Para Bauman, classes sociais são inferiorizadas pelo fato de serem excluídas, e isso se deve antes a fatores sociais do que político-econômicos.
“Este conceito de classe inferior me deixa horrificado. Você não é de uma classe inferior, você está simplesmente excluído (está do lado de fora). As pessoas costumam subestimar a humilhação e o sofrimento que é estar excluído do mundo e preso nos guetos.”
Segundo Bauman, numa sociedade sinóptica de viciados em comprar, os pobres não podem desviar os olhos, pois não há mais para onde olhar. Os ricos, por sua vez, parecem ter mais possibilidades de escolha, mas suas vidas não são menos insuportáveis por isso.
“É muito difícil encontrar uma pessoa feliz entre os ricos. A felicidade tem a ver com a satisfação de expectativas. O pobre consegue ser feliz com mais frequência exatamente porque a sua vida pede pouco para ser satisfeita.”
Na sociedade líquido-moderna, diz Bauman, não consumir significa escolher ser excluído:
“Se você define seu valor pelas coisas que você tem e que te rodeiam, ser excluído é humilhante. É o crime da humilhação”.
A cultura do lixo
Na visão de Bauman, vivemos hoje numa cultura de lixo.

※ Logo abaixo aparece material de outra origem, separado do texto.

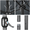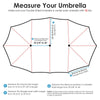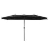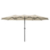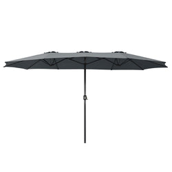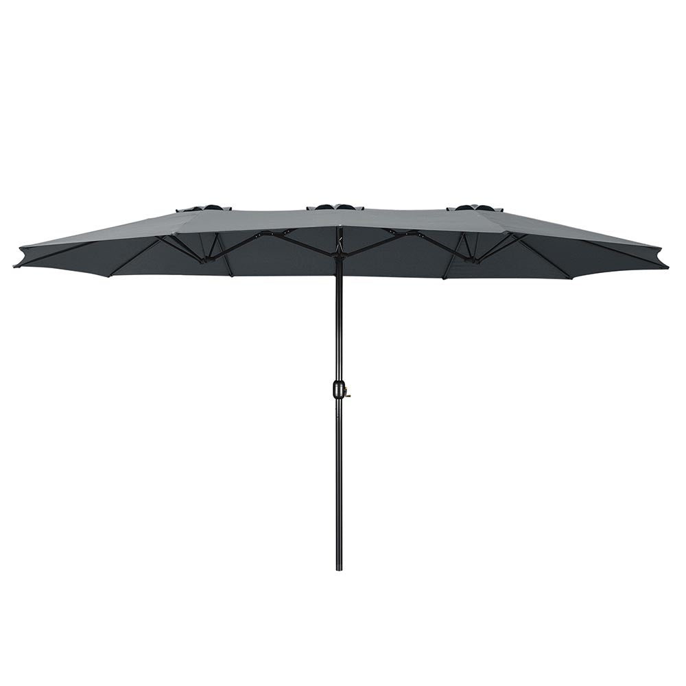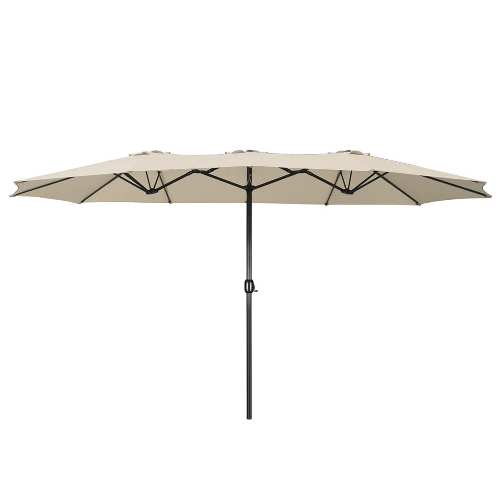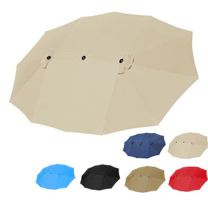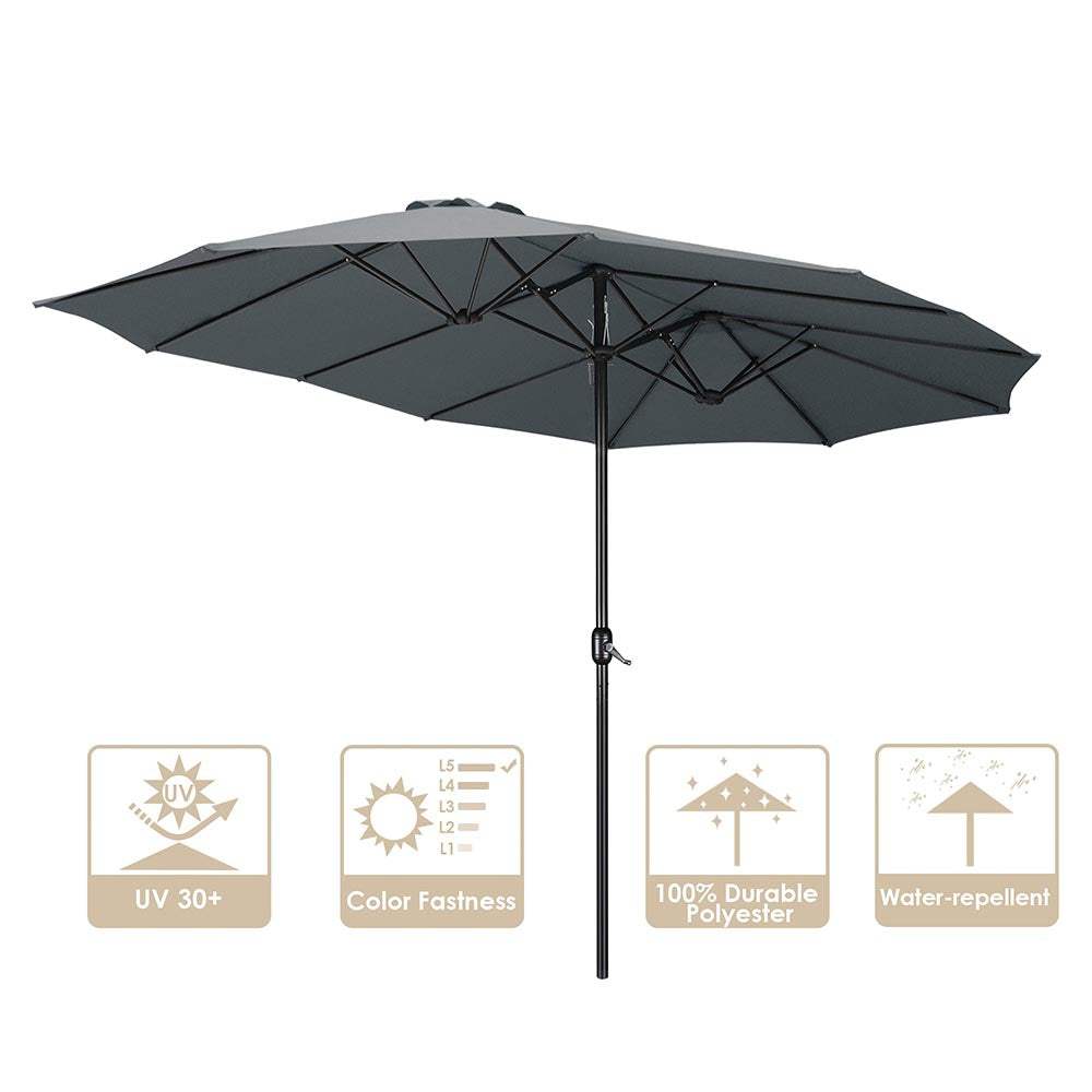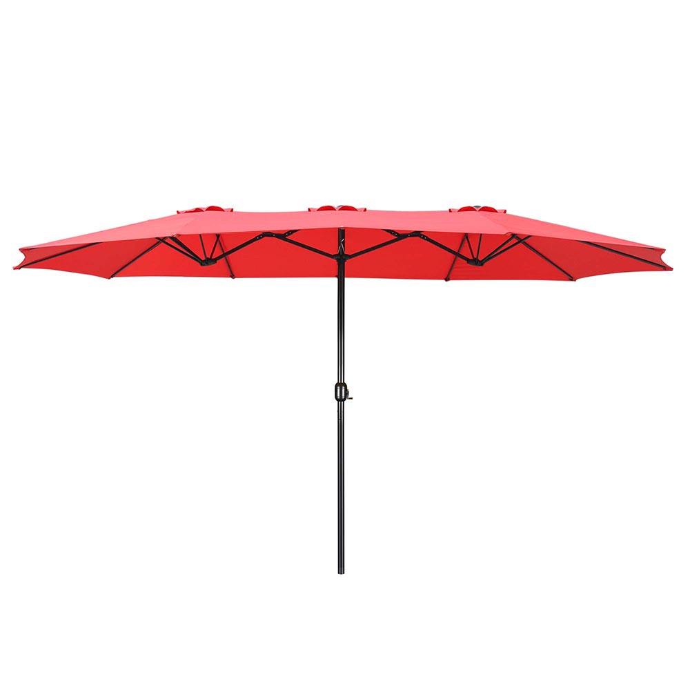 14' 8" x 8' 8" extra-large double-sided patio umbrella provides 127sq.ft coverage with 12 metal ribs support the canopy for stability and durability. Umbrella is perfect for shading yard, garden, patio, beach, cafe, market in the open air; Great for residential and commercial applications.
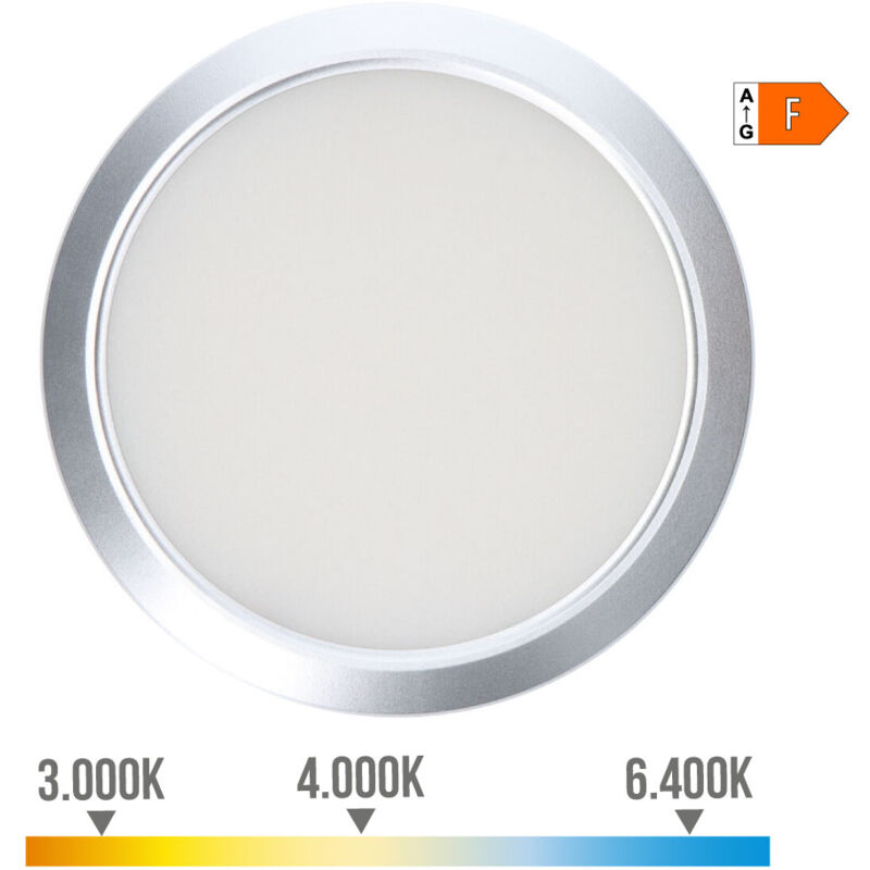DOWNLIGHT DA SUPERFICIE/REMETALLATO LED ORIENTABILE 20W 2.050lm Ra80 STRUTTURA CROMATA Ø22,5cm EDM. DIAMETRO REGOLABILE DA Ø6,5 A 17cm. TEMPERATURA COLORE REGOLABILE: 6400K- 4000K - 3000K IP20. LA TEMPERATURA DI COLORE DEVE ESSERE SCELTA PRIMA DELL'INSTALLAZIONE. Caratteristiche del downlight LED da superficie/incasso orientabile 20w 2.050lm. EDM Potenza: 20 W Tensione: 220 - 240 V - 50 Hz < li> Grado di protezione: IP20 Misure: Ø 22,5 x 4 cm Temperatura luce: 3.200 K - 4.000 K - 6.400 K Tipo di luce: Luce calda - neutra - fredda Classe energetica: F Colore: Cornice cromata Tipo: Downlight LED orientabile < b>Luminosità: 2.050 lm Incastro: Regolabile da Ø 6,5 cm a Ø 17 cm Quantità di LED: 400 Durata stimata: 20.000 ore CRI (indice di resa cromatica: Ra 80

Numa sociedade de consumidores que sufocam produtores, a lei consumista afirma que quem não consome tornar-se-á humilhado, quem consome livrar-se-á da exclusão, e o que é consumido transformar-se-a em lixo. Essa é a expressão caprichada da cultura de lixo contemporânea.
“O lixo é o principal e comprovadamente o mais abundante produto da sociedade moderna de consumo. Entre as indústrias da sociedade de consumo, a de produção de lixo é a mais sólida e imune a crises.”
Em Vida Para Consumo, Bauman também cita Aldous Huxley ao dizer que a sociedade atual de consumidores e produtores de lixo causa o próprio caos e desordem no “admirável mundo líquido”.
A escravidão consumista é a realidade massiva na atual cultura do lixo.
“A vida talvez seja sempre um viver-para-a-morte. Mas, para os que vivem na líquida sociedade moderna, a perspectiva de viver-para-o-depósito-de-lixo pode ser a preocupação mais imediata.”
Referências bibliográficas:
BAUMAN, Zygmunt. Vida Para Consumo.
BAUMAN, Zygmunt. Trabalho, Consumismo e os Novos Pobres.
BITTENCOURT, Renato. A Estrutura Simbólica da Vida Líquida em Zygmunt Bauman.